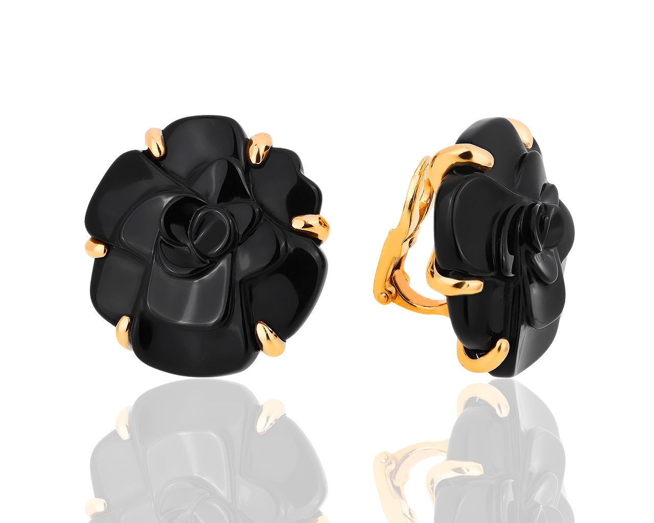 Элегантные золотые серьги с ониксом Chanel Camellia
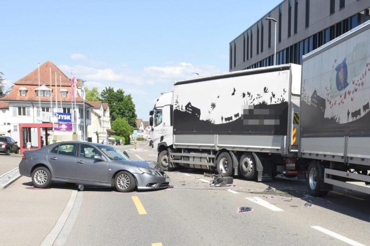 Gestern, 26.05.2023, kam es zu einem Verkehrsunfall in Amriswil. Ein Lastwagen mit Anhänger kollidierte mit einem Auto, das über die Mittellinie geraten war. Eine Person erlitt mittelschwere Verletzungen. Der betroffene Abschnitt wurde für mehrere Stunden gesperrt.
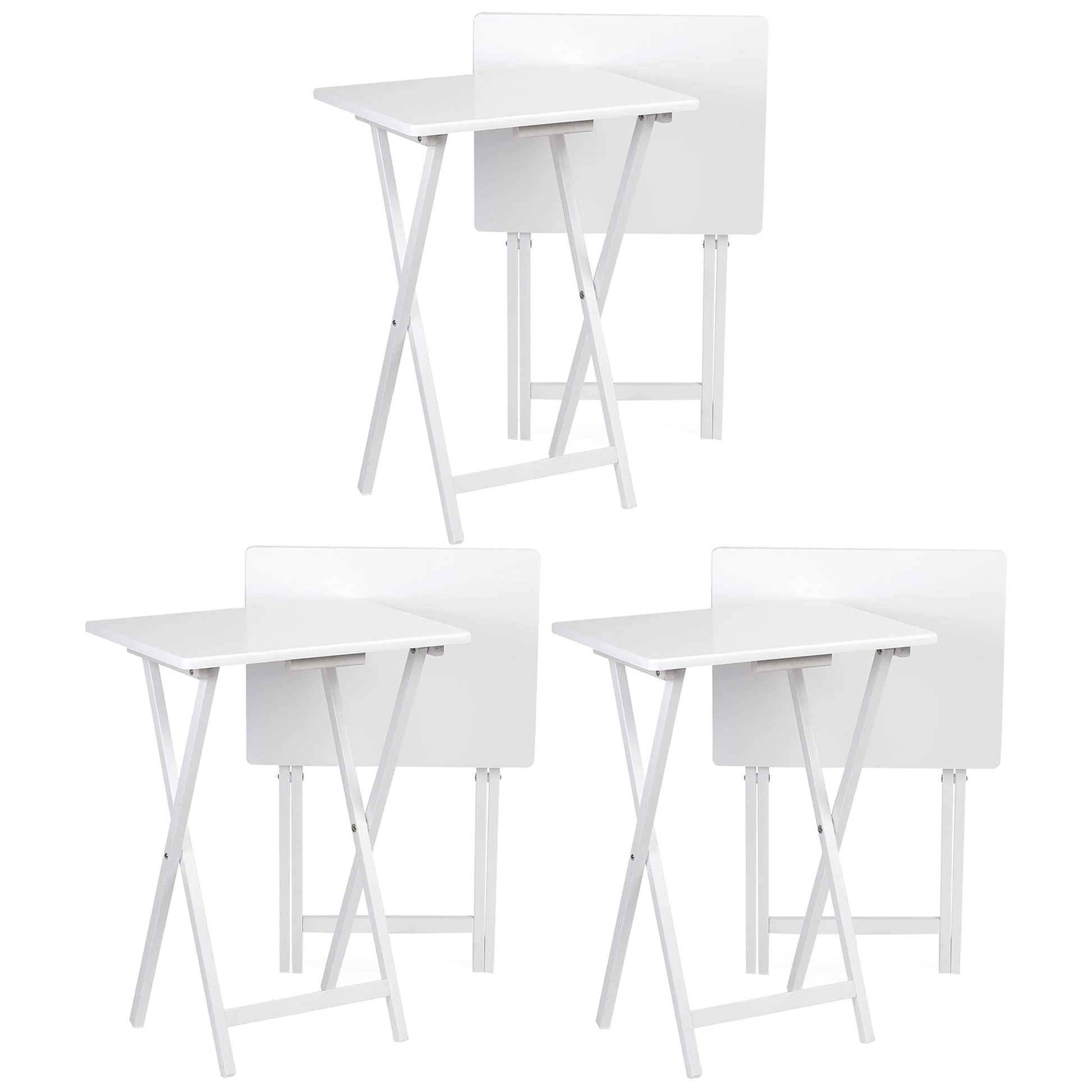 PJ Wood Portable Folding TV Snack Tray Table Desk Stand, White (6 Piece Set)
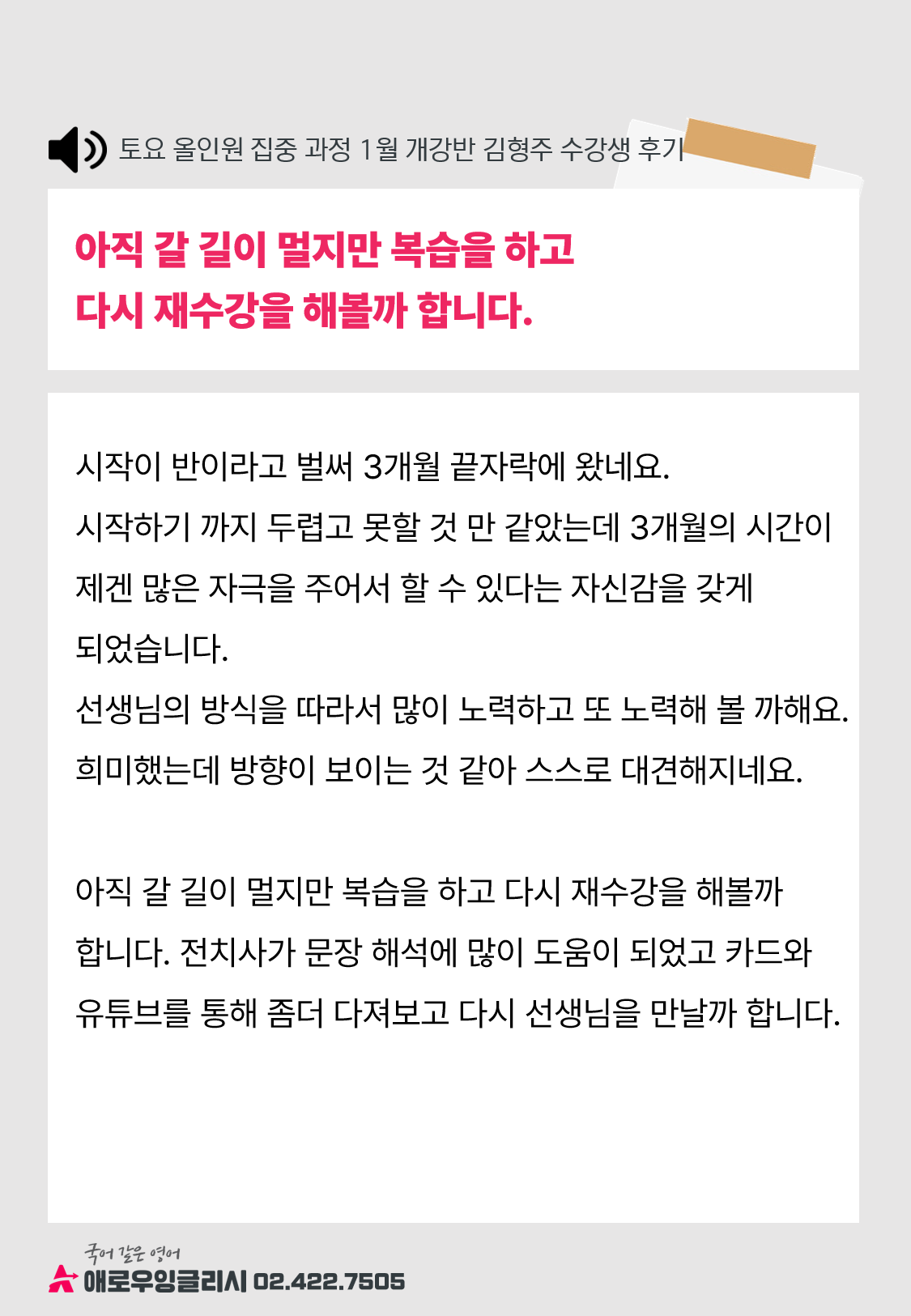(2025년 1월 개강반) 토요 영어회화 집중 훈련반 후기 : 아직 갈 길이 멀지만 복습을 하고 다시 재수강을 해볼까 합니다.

**EXERCISE GOAL**: For this exercise, transcribe exactly only the lines from the one containing "PJ Wood Portable" through the end of the listing, inclusive, without the pictures.

**RESULT OF THE EXERCISE**:
 PJ Wood Portable Folding TV Snack Tray Table Desk Stand, White (6 Piece Set)
(2025년 1월 개강반) 토요 영어회화 집중 훈련반 후기 : 아직 갈 길이 멀지만 복습을 하고 다시 재수강을 해볼까 합니다.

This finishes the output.